> _Data items_
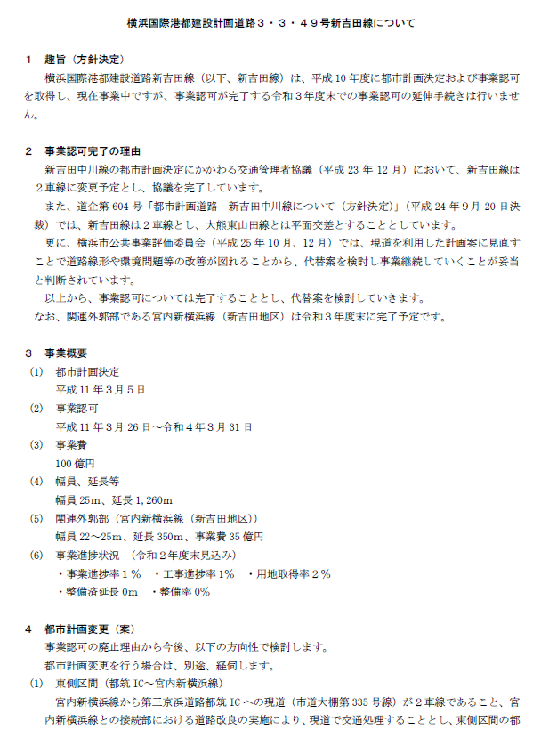 横浜市都筑区及び港北区で事業が行われていた横浜国際港都建設計画道路3・3・49号新吉田線が、事業施行期間の延伸を行わず、2022年3月31日をもって都市計画事業を終了していました。市議会議員を含む市民説明は行われていませんでした。
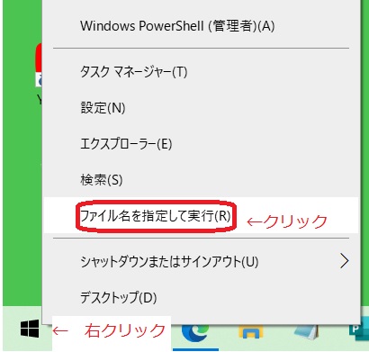 左下「田」右クリック「ファイル名を指定して実行」をクリック
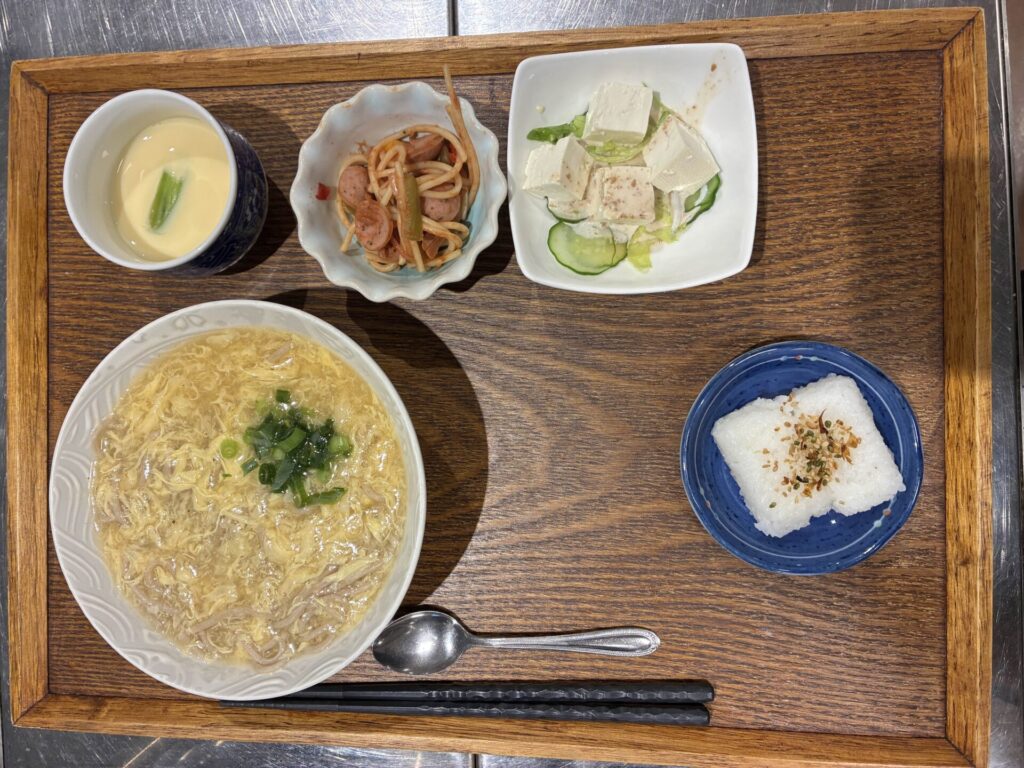 付け合わせは、おにぎり・まろやかナポリタン・しらす香る豆腐サラダ・茶碗蒸しです。
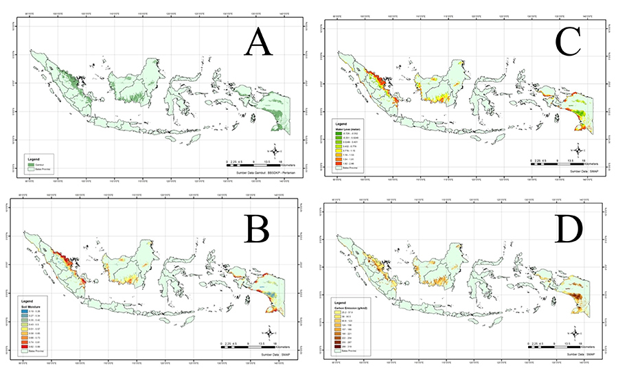碳通量映射对管理碳资源至关重要开发了各种方法和模型估计泥炭地碳通量卫星技术提供以相对低廉成本估计碳通量和高时空解析能力Osaki和同事利用这一技术开发新估计模型举例说,他们使用国家航空航天局卫星即土壤水分主动被动卫星的数据观察地下水层、土壤泥土稀疏和碳排放之间的强关联性地下水位每下降0.1m/年,碳排放量增加89gC/m2/年份旱季或干旱期间排放量较高(例如由IOD引起的排放量)(2)
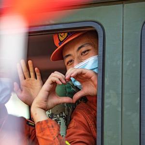 8月28日,在重慶市北碚區,群眾自發(fā)來(lái)到道路兩旁歡送森林消防隊員。
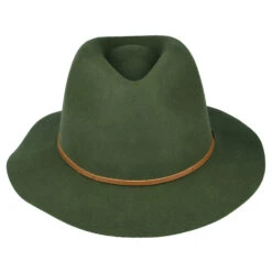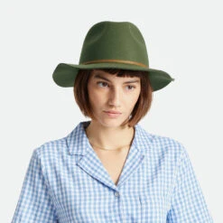 The Brixton Wesley Wool Felt Fedora Hat in olive has a brim with a raw edge, a leather band and a Brixton pin on the side. This simple yet elegant fedora is currently one of the most popular styles in fashion. The hat is unlined and the cotton sweatband comes with an adjustable hook and loop strap for a perfect fit.
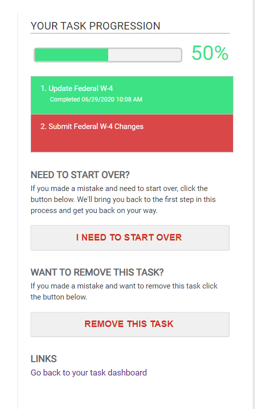 Once you start this process by selecting Update your federal tax allowances from your WorkforceHub profile menu, it's added as a Task within your HR tab. It remains as a task until you complete both stages of the update. However, if you decide you do not want to update your W4 and wish to remove the task entirely, just click REMOVE THIS TASK, found on the right-side of the update page. If you simply want to return to the first page and make some changes to your withholding form, click I NEED TO START OVER.
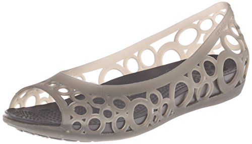Open-toe jelly flat with laser-cut upper

> _Work required_
An exact copy of the lines from the one with "8月28日,在重慶市北碚區,群眾自發(f" through the last line of the records, inclusive, is required, with all pictures left out.

> _Task output_
 8月28日,在重慶市北碚區,群眾自發(fā)來(lái)到道路兩旁歡送森林消防隊員。
 The Brixton Wesley Wool Felt Fedora Hat in olive has a brim with a raw edge, a leather band and a Brixton pin on the side. This simple yet elegant fedora is currently one of the most popular styles in fashion. The hat is unlined and the cotton sweatband comes with an adjustable hook and loop strap for a perfect fit.
 Once you start this process by selecting Update your federal tax allowances from your WorkforceHub profile menu, it's added as a Task within your HR tab. It remains as a task until you complete both stages of the update. However, if you decide you do not want to update your W4 and wish to remove the task entirely, just click REMOVE THIS TASK, found on the right-side of the update page. If you simply want to return to the first page and make some changes to your withholding form, click I NEED TO START OVER.
Open-toe jelly flat with laser-cut upper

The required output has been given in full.